Eventually, all disk groups should be upgraded to on-disk format V3:

2016-04-04 09:26:40 +0000: No upgrade in progress
2016-04-04 09:26:41 +0000: 0 objects in which will need realignment process
2016-04-04 09:26:41 +0000: 0 objects with new alignment
2016-04-04 09:26:41 +0000: 63 objects ready for v3 features

Important: If you do not have enough resources, for example, you have a 3 node cluster, then you are unable to evacuate the disk groups. There is simply not enough resources to maintain the protection of the VMs. If you attempt an upgrade on a cluster with insufficient resources, it will fail to upgrade with message similar to:

A general system error occurred: Failed to evacuate data for disk uuid <XXXXX> with error: Out of resources to complete the operation

In this case, as per the VSAN 6.2 release notes, customers will have to use the RVC command:

> vsan.ondisk_upgrade –allow-reduced-redundancy

This will allow you to upgrade the on-disk format but with reduced redundancy. In other words, you may be running with only one copy of the data while the on-disk format is upgraded. This is why we always recommend a minimum of 4 nodes for VSAN; it allows you to avoid any potential risks with maintenance or upgrades, and also allows VSAN to self-heal in the event of a failure.

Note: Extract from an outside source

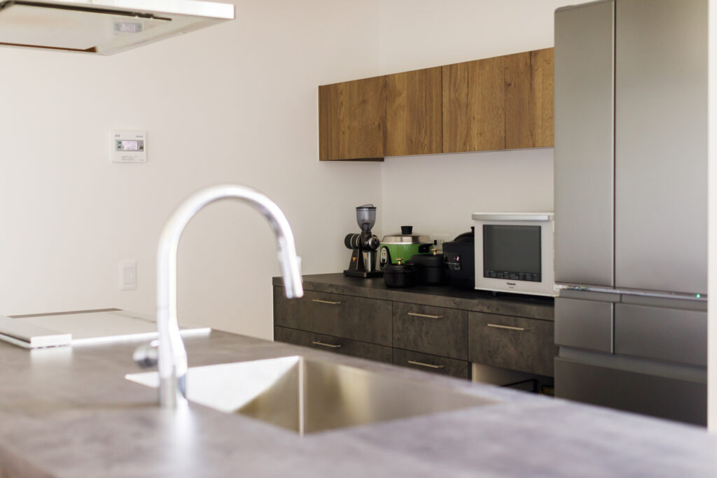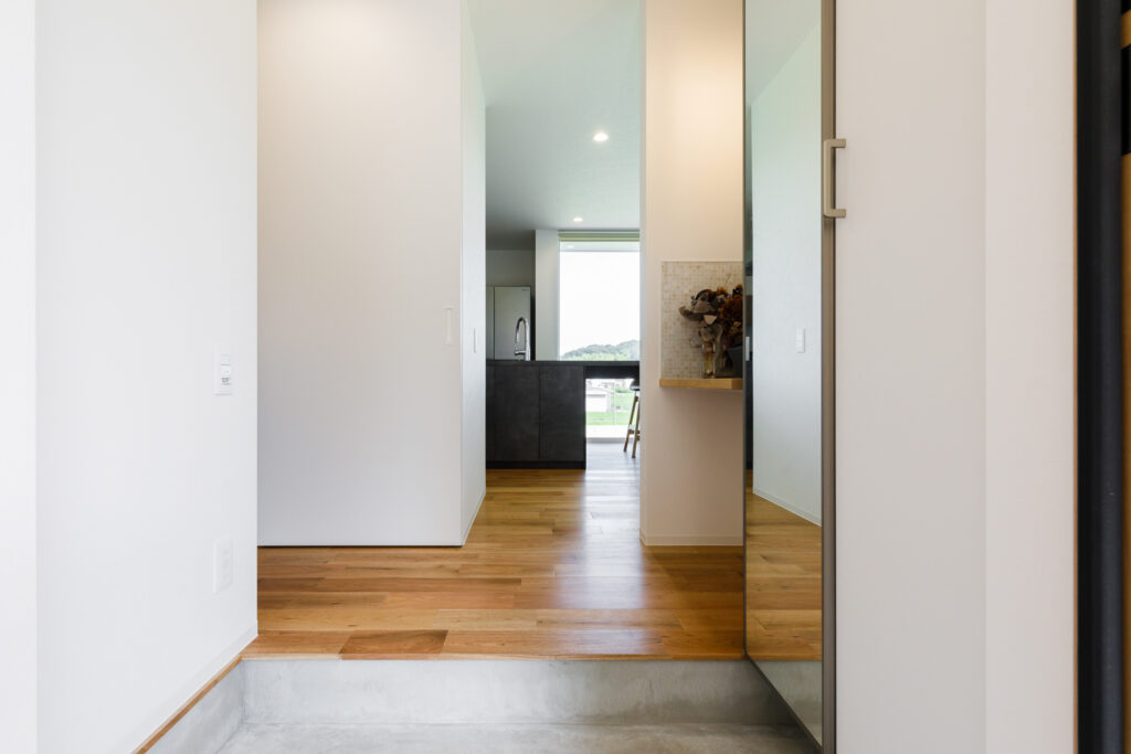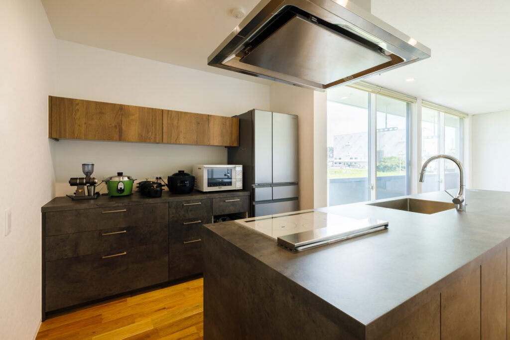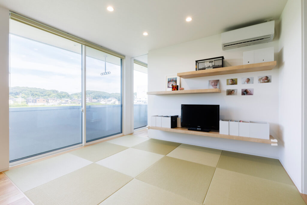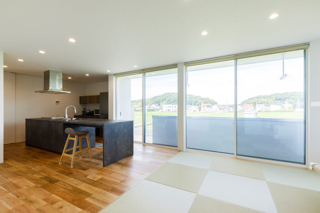 キッチンには「GRAFTEKT」の「ポポラートアイランド」を採用し、ダイニングとつながったボックス型のシンプルなデザイン。リビングには小さなお子さまが存分に遊べるよう、クッション性のある畳スペースを設けました。リビングや居室の窓からは広大な田園風景が広がり、自然の移ろいや時間の流れを眺めながら心地よい日々を過ごせます。無垢材のフローリングが、ぬくもりのある足触りを届けます。

There is another issue to bring to your attention. This is to do with issues aligning the objects before doing the upgrade. This may fail with message similar to:

Failed to realign following Virtual SAN objects: <list of UUIDs> due to being locked or lack of vmdk descriptor file, which requires manual fix

Failed to migrate vsanSparse objects on cluster

In this case, we have instructions on how to resolve this situation as per this earlier post.

That now completed the third step in upgrading Virtual SAN to version 6.2. You are now ready to use the new features that come with the new on-disk format, such as compression, deduplication and software checksum.